Chroniques d’une station-service
C’est quand la dernière fois que vous avez découvert un auteur? Que vous vous êtes, par hasard ou par chance, surpris à être en train de parcourir les premières pages d’un roman écrit par un illustre inconnu? Ce moment où, sans que vous puissiez ne rien y faire, un sourire, tendre, se dessine sur votre visage. Quelque chose de rare, une rencontre improbable, folle, se produit soudainement entre une œuvre et un lecteur. Je crois que c’est particulièrement pour cette raison qu’on apprécie la liberté inébranlable du lecteur. Avec son premier roman, Chroniques d’une station-service, Alexandre Labruffe propose exactement ce genre de rencontre. Au moment où l’offre littéraire nous dépasse, les chroniques de pompiste de Labruffe tirent leur épingle du jeu par la brillance de son écrivain et son sens de la formule, son cynisme contagieux et sa folie passagère.
Il y a, en ce livre, l’appel d’air nécessaire à toute rentrée littéraire, une surprise qui tient en 120 pages durant lesquelles on ne cesse de se demander si le bouquin est tellement brillant qu’il en est con, ou s’il est tellement con qu’il en est brillant. Quelques jours au sortir de la lecture, je me vois dans l’impossibilité de valider l’une de ces deux hypothèses. Ce pompiste, féru de Baudrillard, nous transmet son quotidien en microfictions qui tiennent entre une phrase et deux pages. De son poste, il sert café, alcool et essence à tous ceux qui s’aventurent en périphérie de la ville parisienne. Avec Mad Max sur les écrans de la station, l’antihéros de Labruffe voit son quotidien comme le meilleur poste d’observation des derniers soubresauts d’une humanité qui en est sur ses derniers miles. Last exit before the end of the world.

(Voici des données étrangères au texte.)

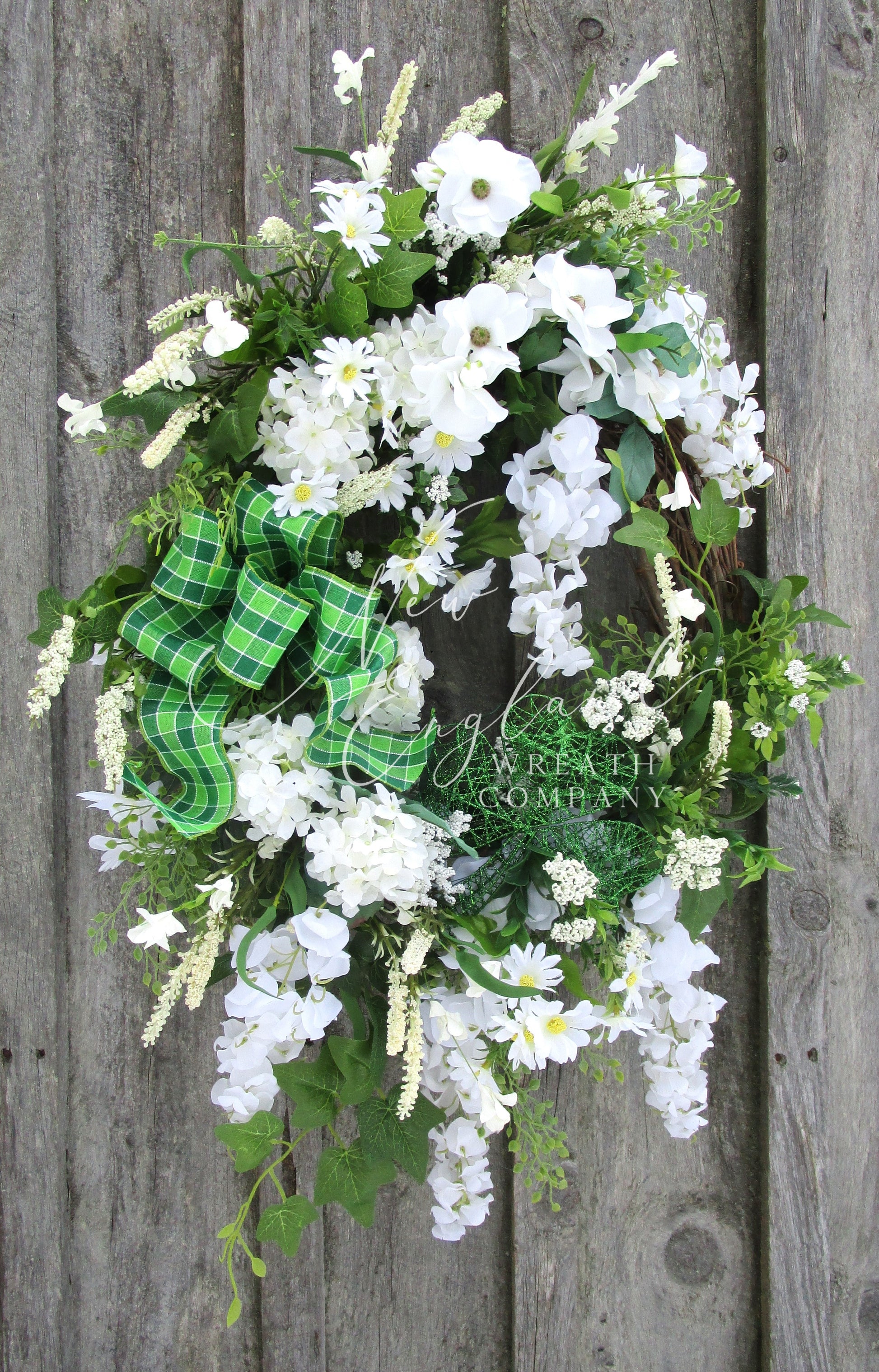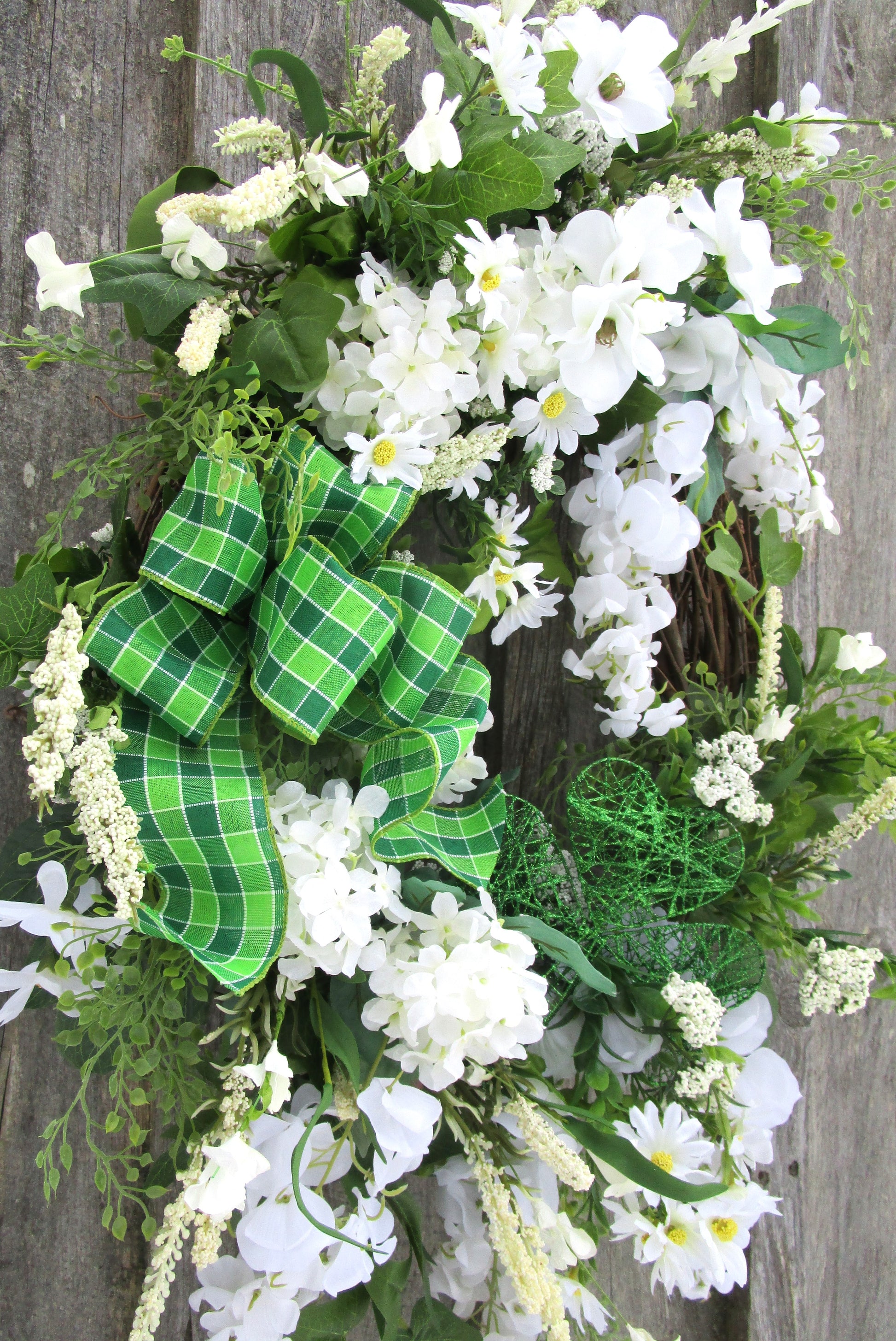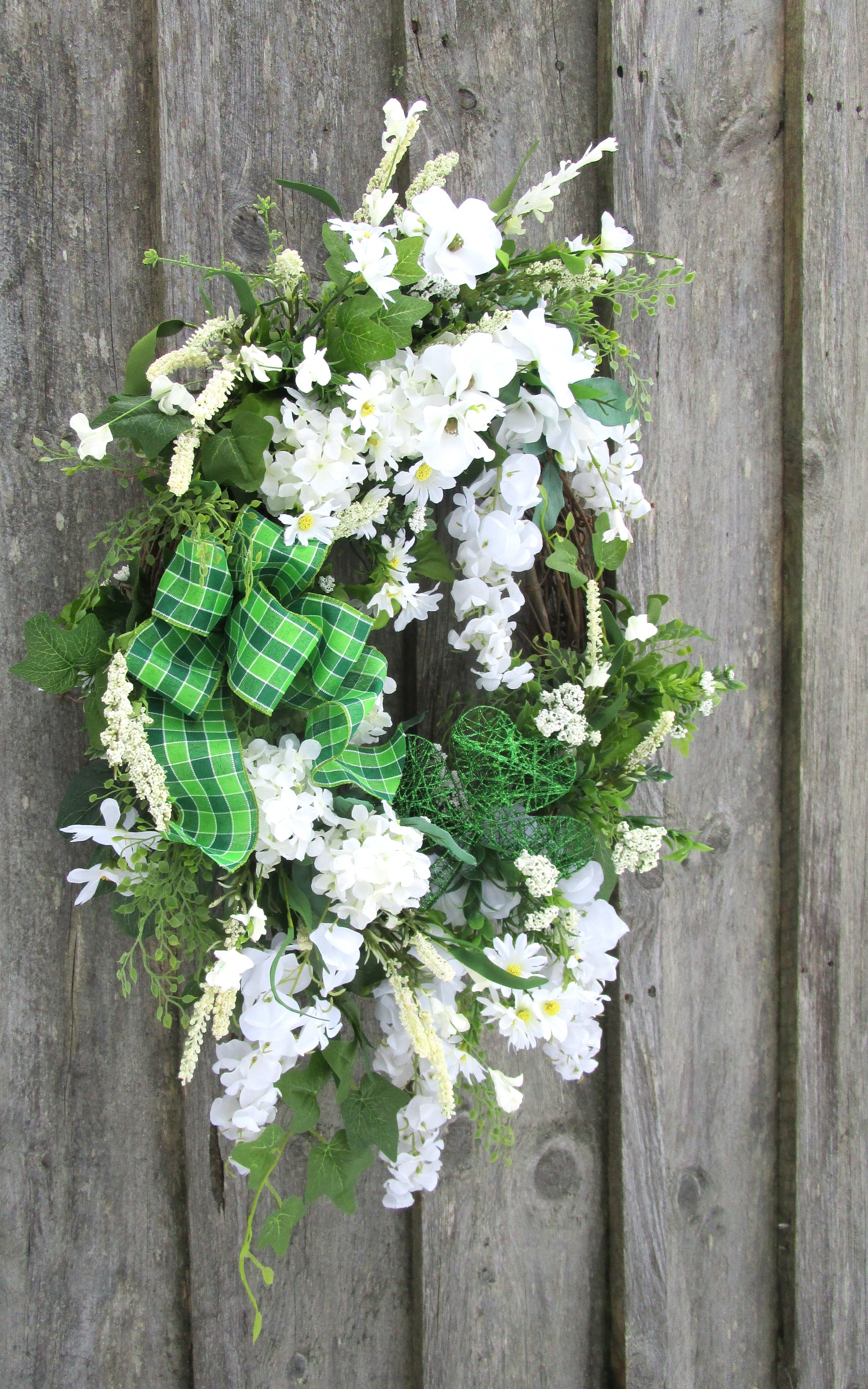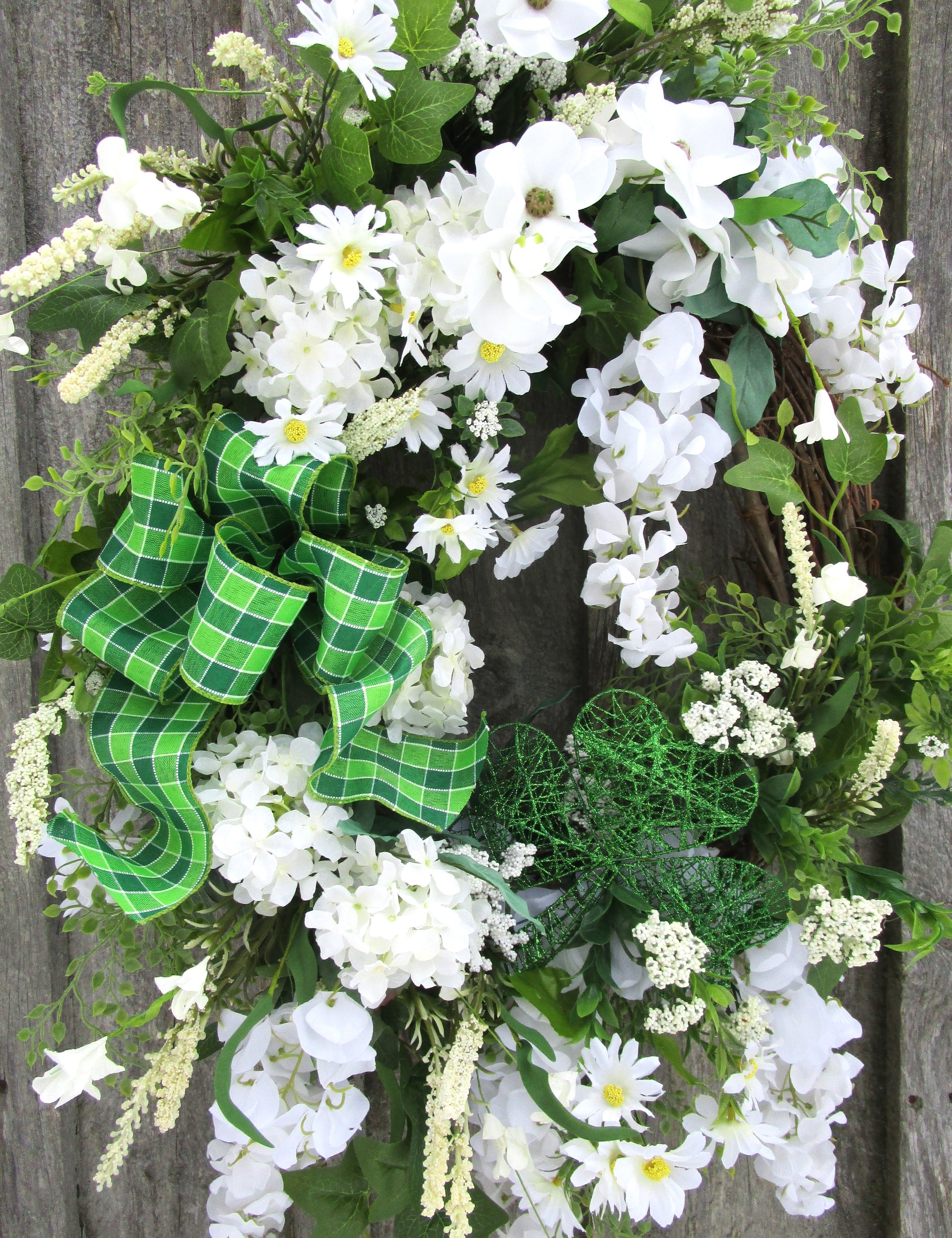 Celebrate the season with this romantic St. Patrick’s Day wreath in soft cottage colors. Faux hydrangeas, daisies, meadow grass, and lush greenery flow from a natural grapevine base, accented by a checkered green bow and a sparkling shamrock.

Chronique d’un non-lieu, ce premier roman de Labruffe démontre un plaisir rare dans l’écriture. Les phrases ne sont jamais alourdies par une volonté trop pressante de l’écrivain de signer son premier roman. Assurément, on retrouve ici un auteur qui sait s’amuser, se jouer des codes littéraires pour les sublimer, sourire en coin. Jamais le projet ne s’enfarge dans des volontés obscures. Labruffe préfère plutôt demeurer fidèle à son lecteur et à son personnage, proposant quelques fulgurances narratives inhérentes au dernier plein d’essence, ne nous faisant jamais oublier que la panne sèche nous guette.